La nouvelle Loi d’autonomie spéciale introduit des modifications qui renforcent l’autorité du gouvernement central et réduisent l’autonomie des institutions papoues. Elle crée notamment un organe spécial chargé de coordonner et d’évaluer la mise en œuvre de l’autonomie spéciale, dirigé par le vice-président indonésien et doté d’une agence dans la région. Elle supprime en outre le droit de la population papoue de former des partis politiques locaux, précédemment instauré par l’article 28-1 de la Loi d’autonomie spéciale.
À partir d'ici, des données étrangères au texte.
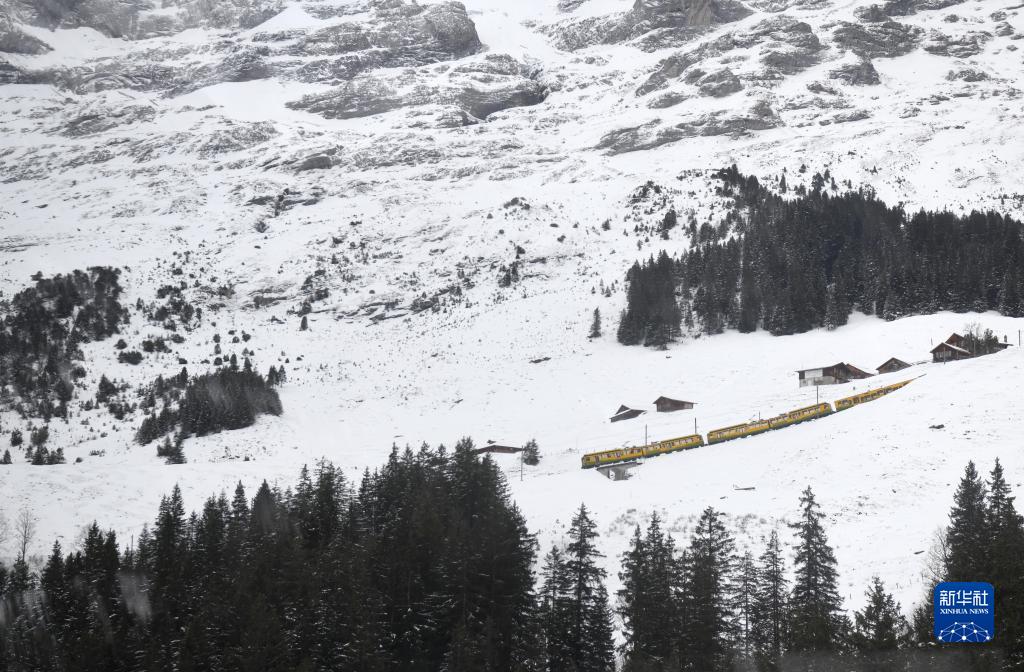 1月12日,一辆运送游客的列车在瑞士少女峰地区的山间行驶。

« Les manifestations contre le renouvellement de la Loi d’autonomie spéciale montrent le manque de volonté du gouvernement indonésien de consulter comme il se doit le peuple autochtone papou, a déclaré Usman Hamid, directeur exécutif d’Amnesty International Indonésie.
« Le recours à une force excessive et les insultes racistes des forces de sécurité indonésiennes à l’encontre de manifestant·e·s papous pacifiques sont odieux »
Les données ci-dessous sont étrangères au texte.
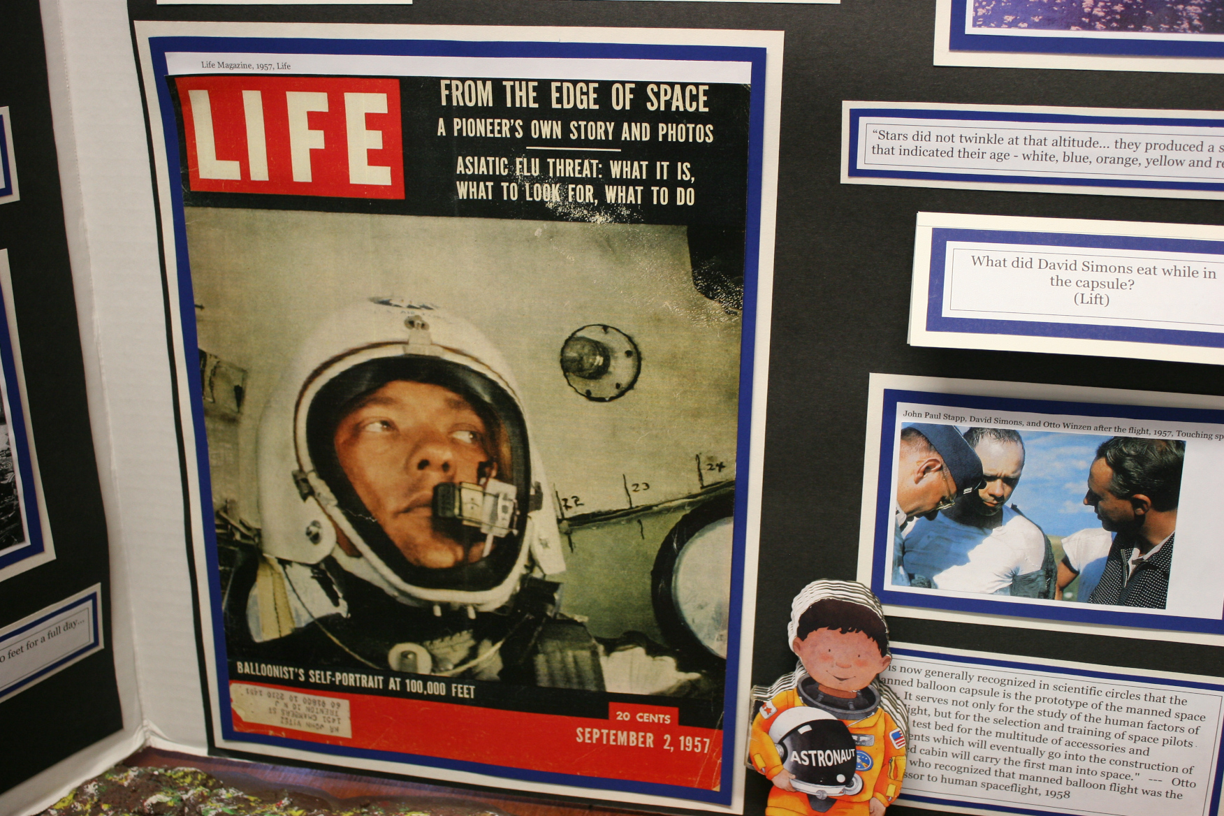 The story of MAN HIGH II truly impresses me, especially after seeing the small size of the replica capsule and feeling the thinness of the helium balloon. (The actual capsule is displayed at the National Museum of the US Air Force in Dayton, Ohio.) Simons was one brave man to confine himself inside that tight space for 44 hours. He was sealed in well before arriving at the iron mine pit from South Saint Paul. Claustrophobia got the best of another candidate. I would feel the same. Simons endured much—lack of sleep, extreme temperatures, uncertain weather, and the very real fear that he could die if the thin helium balloon developed even a crack.

« Le gouvernement doit veiller au respect des droits des Papous. Cela n’est possible qu’en faisant participer véritablement la population papoue à l’élaboration et à la mise en œuvre de la Loi d’autonomie spéciale. »
Complément d’information
Le Pacte international relatif aux droits civils et politiques garantit expressément le droit à la liberté d’opinion et d’expression (article 19) et à la liberté de réunion pacifique (article 21). Ce traité a un caractère contraignant pour tous les pays qui l’ont ratifié, dont fait partie l’Indonésie. Dans le cadre du Pacte, l’expression politique relève de la liberté d’expression et d’opinion.
Le droit à la liberté de réunion et d’expression est également garanti par l’article 28-E-3 de la Constitution indonésienne de 1945 et par l’article 24-1 de la loi n° 39/1999 relative aux droits humains.
Amnesty International ne prend aucunement position sur le statut politique des provinces de l’Indonésie. Toutefois, l’organisation défend les droits humains, y compris le droit à la liberté d’expression et de réunion pacifique, qui permet d’exprimer des opinions politiques du moment qu’elles ne prônent pas la haine, la discrimination ou la violence.